Chapitre 3. Le cadre méthodologique

3.9 Les limites de l’étude

« Une recherche n’est jamais achevée » en elle-même puisque la complexité du réel est inépuisable, nous dit Jeffrey (2004: 125). De fait, par-delà le potentiel de nos travaux, à la fois concernant leur « fécondité » (Ibid), pour en inspirer d’autres, et leur « transférabilité » (Goyer, 2004; Sylvain, 2008) à d’autres contextes similaires, quatre principales limites sont identifiées. Sur le plan méthodologique, lorsque nous avons envisagé l’utilisation de la

méthode des récits de vie, au début de notre projet, nous avons pensé qu’il serait possible de revoir les participantes une seconde fois pour leur partager les récits restitués. Nous souhaitions ainsi faire appel aux capacités réflexives des répondantes face aux récits reconstruits (à la fois par elles et par la chercheure). Ce second ou méta regard sur sa propre histoire aurait probablement permis d’enrichir encore davantage le matériau. Toutefois, a

posteriori, vu le temps mis à traiter le matériau, en raison de l’ampleur du corpus ainsi que des

procédés d’analyse laborieux utilisés, retourner sur le terrain en sollicitant une deuxième fois les répondantes pour un tel exercice réflexif s’est avéré impossible selon notre échéancier doctoral. À cet égard, des considérations pragmatiques, d’ordre professionnel et personnel, ont nécessité de mettre un terme à nos travaux, et de produire cette thèse, à l’intérieur d’une période de cinq ans.

Cette limite en interpelle une autre, soit la question de l’interprétation des données et la subjectivité de la chercheure. Si cette question s’applique en réalité à l’ensemble de la recherche qualitative, elle s’avère particulièrement pertinente en ce qui a trait à la méthode des récits de vie. Comme le rappelle Pires (1997 : 193), « la recherche d’un discours ‘vrai’, exempt de biais et à l’abri de toutes influences contextuelles », se rattache à des « conceptions positivistes de la science ». Dans la perspective critique que nous endossons, nous prenons comme postulat qu’il s’avère impossible d’avoir accès au réel, à une vérité ontologique de la réalité sociale. Il ne s’agit donc pas de rendre compte de la réalité objective, mais bien du sens donné aux événements vécus, et ce, dans un contexte de production et d’énonciation donné. Par voie de conséquence, nous estimons que les biais potentiels dans notre recherche résident plutôt dans la relation interviewée-intervieweuse :

« Les interventions, les attitudes et les caractéristiques de l’intervieweur sont susceptibles de marquer les propos de l’interviewé. De même, la perception qu’a l’intervieweur de la position sociale de l’interviewé peut également influer sur ses reparties et, plus globalement, sur la nature de ses interprétations ». (Pires, 1997 : 195).

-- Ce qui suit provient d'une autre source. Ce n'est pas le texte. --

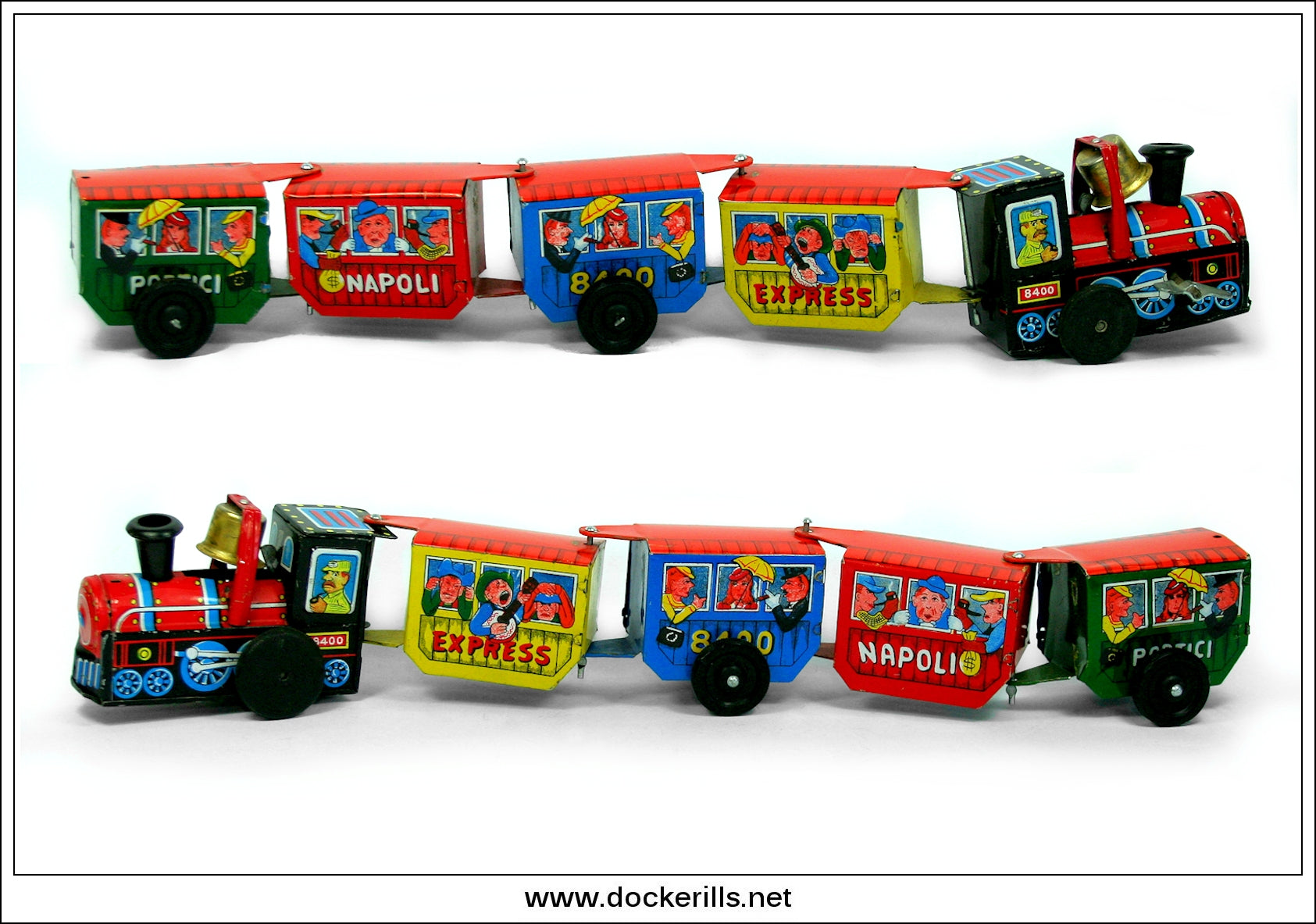 Tin plate 'Napoli 8400 Express' marked with the Dott. G.R. trade mark and 'Made in Japan'. All tin plate apart from chimney / smoke stack and wheels.

D’autre part, malgré les efforts mis pour obtenir un échantillon très diversifié, force est de constater, a posteriori, lors de l’analyse des données, que les critères d’échantillonnage choisis n’ont permis que partiellement l’obtention d’un échantillon présentant des « écarts maximaux ». Plus précisément, les caractéristiques établies n’ont pu assurer une intégration satisfaisante des femmes défavorisées. À cet égard, le tableau sociodémographique, présenté au chapitre suivant, montre que sept répondantes (sur 20) détiennent un diplôme d’études secondaires ou pas du tout et que six ont un revenu annuel de 26 000 $ et moins. Toutefois, en raison du capital social cumulé tout au long de la trajectoire, seulement deux d’entre elles vivent aujourd’hui dans des conditions de vie très précaires (près du seuil de pauvreté). Puisque tous résultats de recherche sont conditionnés en amont par la nature de l’échantillon, nous nous sommes ainsi retrouvée, d’une certaine façon, captive de notre échantillon. Autrement dit, au moment de l’analyse de l’activité quotidienne et de ses rapports à la citoyenneté, il s’est avéré ardu d’analyser en profondeur l’impact des rapports de classe. En somme, malgré la diversité des trajectoires des femmes, l’échantillon reste relativement homogène. Cette homogénéité apparaît d’autant plus notable puisque seules des femmes blanches ont été interrogées; le critère de recrutement d’être née au Québec a certainement réduit les possibilités de rencontrer des femmes racisées mais, d’un autre côté, il a été posé afin de rencontrer des femmes ayant vécu sous un même « effet » générationnel, soit la Révolution tranquille et les changements sociaux de cette époque. Dans cet ordre d’idées, concernant les catégories de genre socialement et politiquement construites, la présente

recherche laisse de côté, la conception de l’activité dans le vieillir, son sens et ses liens avec la citoyenneté active sur une population d’hommes aînés. La même réflexion s’applique également aux populations aînées immigrantes ou d’origines ethnoculturelles variées.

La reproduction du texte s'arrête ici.